At the beginning of last season, Jackson seemed the least likely of this trio to become a top-three pick in the draft. He was a McDonald’s All-American coming out of La Lumiere School in La Porte, Ind., but Jackson ranked ninth in the final version of the 2017 Recruiting Services Consensus Index, a composite incorporating data from several services. Bagley checked in first and Bamba was fourth. Over the course of 35 games at Michigan State, Jackson arguably eclipsed both Bagley and Bamba in this class of prospects by showing off a well-rounded game that feels tailor made for an NBA that prizes perimeter skills on offense and versatility on defense.

Maybe Jackson’s most obvious asset is his rim protection. He’s an instinctual shot-blocker who's quick off his feet, positions himself well around the basket and does well to anticipate opponents’ scoring efforts. In 18 games against Big Ten competition last season, he swatted 15.5% of opponents’ two-point looks, the highest percentage in the conference, and he ranked second in the country in defensive box plus/minus. Even if Jackson isn’t sending floaters into the fifth row, pinning layups on the glass or turning back would-be dunkers, a 7’5’’ wingspan enables him to assert himself as a drive-deterring presence around the basket.

Jackson’s defensive package is just as enticing away from the paint as it is inside it. Although his 6’11’’, 236-pound frame is suitable for the five, Jackson can comfortably trade defensive assignments thanks to his length and lateral quickness. His ability to corral guards on the perimeter, check forwards looking to create off the bounce and bang with brutes on the inside could make him the keystone of an elite defensive scheme. Look no further than this season’s Golden State Warriors and Houston Rockets to appreciate the outsize impact switching can have in the crucible of the conference finals.

Basketball’s go-to counting statistic (10.9 points per game) undersells Jackson’s offensive potential, but he’ll be a major asset on that end of the floor because of his capacity to space the floor with his shooting. At Michigan State last season, Jackson drained 39.6% of his 96 three-point attempts and 79.7% of his 133 attempts from the free-throw line—a favorable mark for a prospect at his position and one that supports the notion that Jackson’s long-range marksmanship is for real. The funky, low release on Jackson’s jumper won’t hearten the shooting coach of the team that drafts him, but it’s worked for him so far, and it should continue to work at the next level.

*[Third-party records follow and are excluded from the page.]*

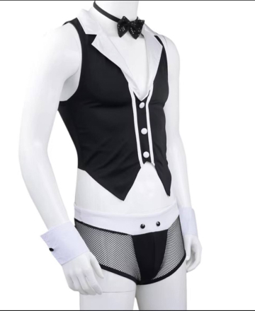Men: black boxers/tank tops, black bow tie; women: in thongs and crop tops!
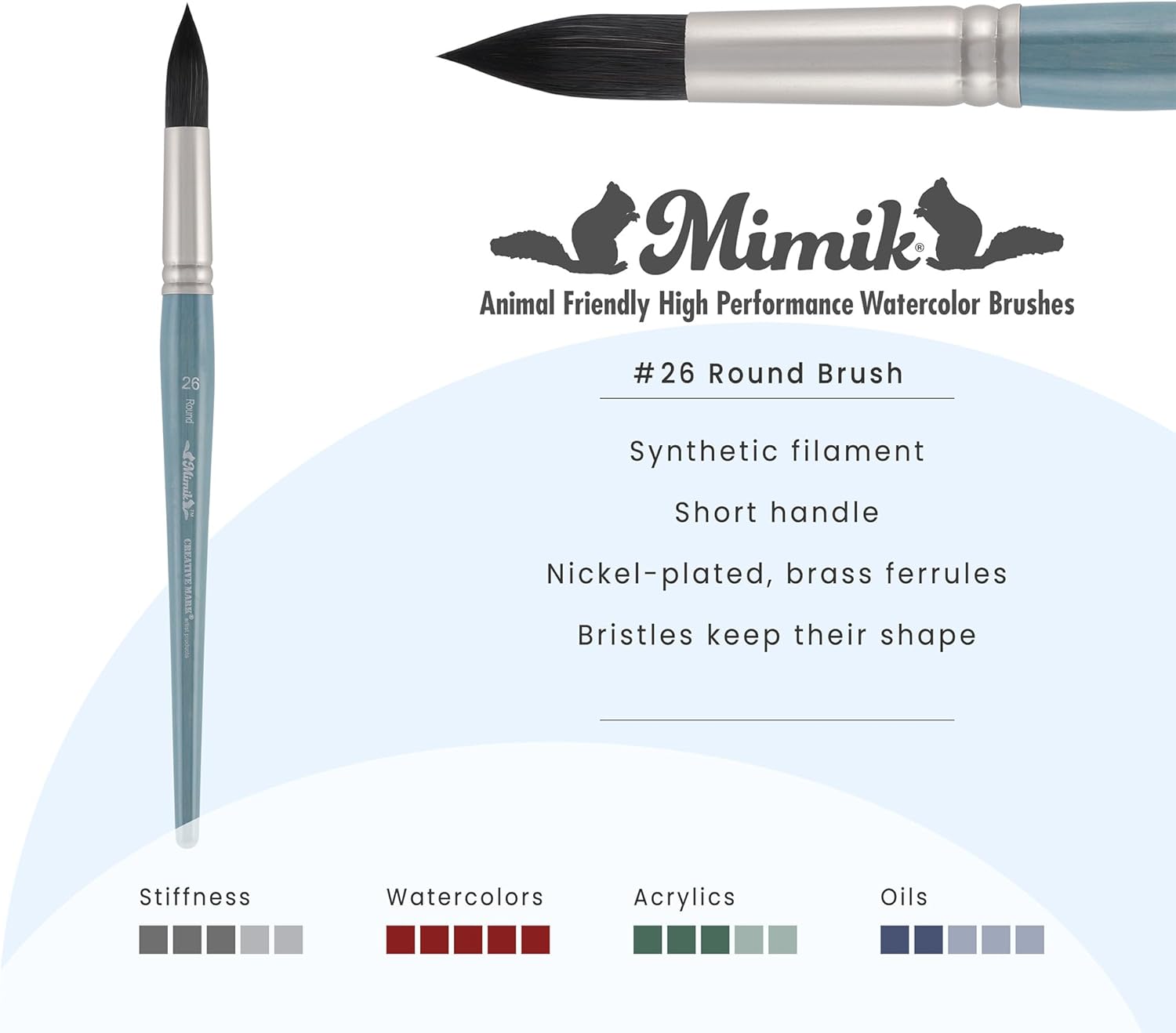 Introducing the Mimik High Performance Synthetic Squirrel Brush, an exceptional addition to your watercolor brushes collection. This refined tool is specifically designed for artists who seek the perfect balance between precision and artistic flair. Mimik's commitment to excellence is evident in every aspect of this watercolor brush, offering unparalleled versatility and performance for professional watercolor techniques. Crafted with animal-friendly synthetic fibers, the Mimik brush mimics the qualities of natural squirrel and Kolinsky sable hair, providing artists with a superb control and high color load. This brush is ideal for watercolor, gouache, and acrylic applications, delivering a sharp paint edge with every stroke. The short blue-grey wooden handles are designed for comfortable use, while the matte nickel-plated brass ferrule ensures durability and stability. The Mimik Squirrel watercolor brush is part of a comprehensive series that includes a variety of popular shapes and sizes such as dagger, fan, flat, oval, rigger, round, script liner, and wash/glaze. This versatile range allows artists to experiment with different techniques and achieve stunning results across diverse mediums. Each brush in the watercolor professional brushes collection offers the benefits of natural hair without any drawbacks, ensuring an exceptional painting experience. These watercolor brushes are perfect for artists seeking a natural feel with synthetic convenience. The synthetic hair watercolor brush design ensures a superb brush response and high color retention, making it one of the best watercolor brushes available. With its synthetic squirrel hair, the Mimik brush provides a professional watercolor brush experience, perfect for both beginners and seasoned artists.
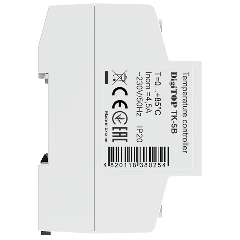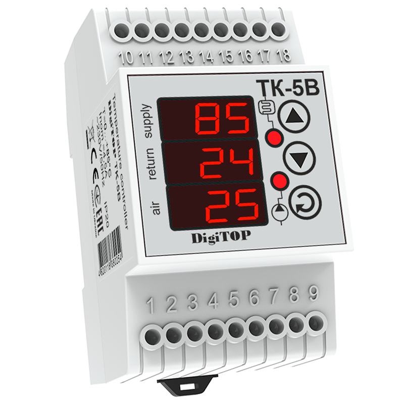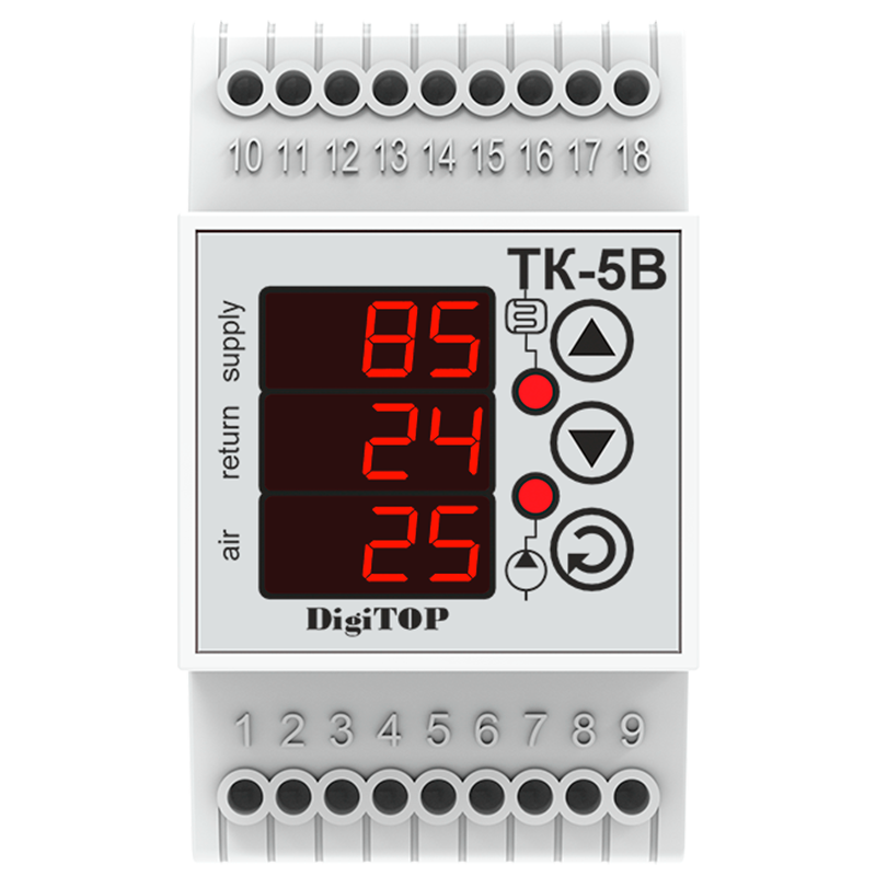 Termoregulator (regulator temperatury) DigiTOP TK-5B przeznaczony jest do sterowania elektrycznymi systemami grzewczymi (TEN, kocioł elektrodowy itp.) z kontrolą temperatury zasilania (Supply), powrotu (Return) i powietrza (Air) w ogrzewanym pomieszczeniu z możliwością sterowania trybem pracy pompy w systemie ogrzewania. Regulacja temperatury odbywa się poprzez utrzymywanie ustawionej temperatury powietrza w ogrzewanym pomieszczeniu. Zastosowanie termoregulatora pozwala zmniejszyć pobór energii elektrycznej i uzyskać najkorzystniejsze warunki temperaturowe w ogrzewanym pomieszczeniu.
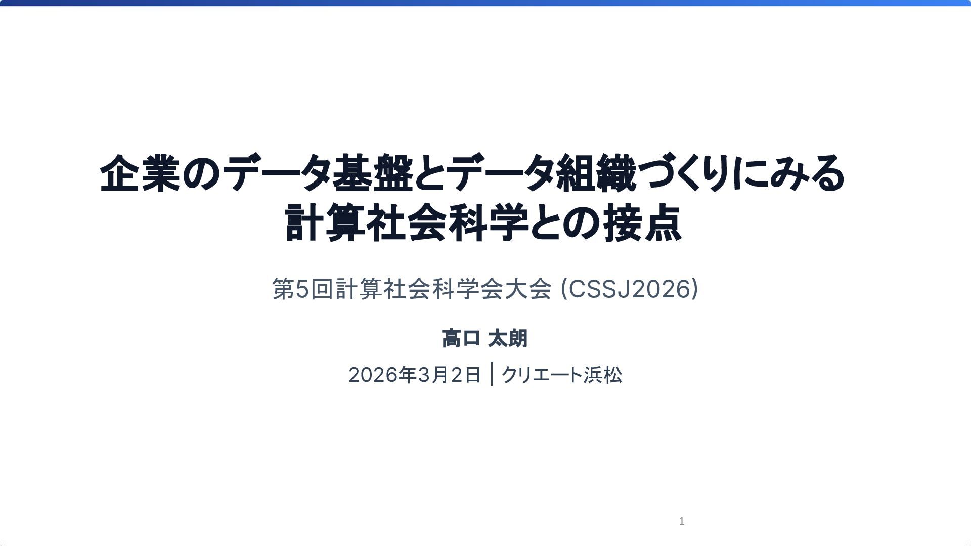 企業のデータ基盤とデータ組織づくりにみる 計算社会科学との接点 第5回計算社会科学会大会 CSSJ2026 高口 太朗 2026年3月2日 | クリエート浜松 1

Jackson’s two-way skill set would be intriguing for any college player, but he brings the added benefit of being one of the youngest players available. He won’t turn 19 until the middle of September. Jackson looks like a franchise-altering prospect right now and, relatively speaking, he has a longer developmental runway than either Bamba or Bagley III, the former of whom turned 20 earlier this month and the latter of whom turned 19 in March. Assuming Ayton and Real Madrid stud Luka Doncic are off the board by the time the Atlanta Hawks make their pick at No. 3, they should think long and hard before passing on Jackson.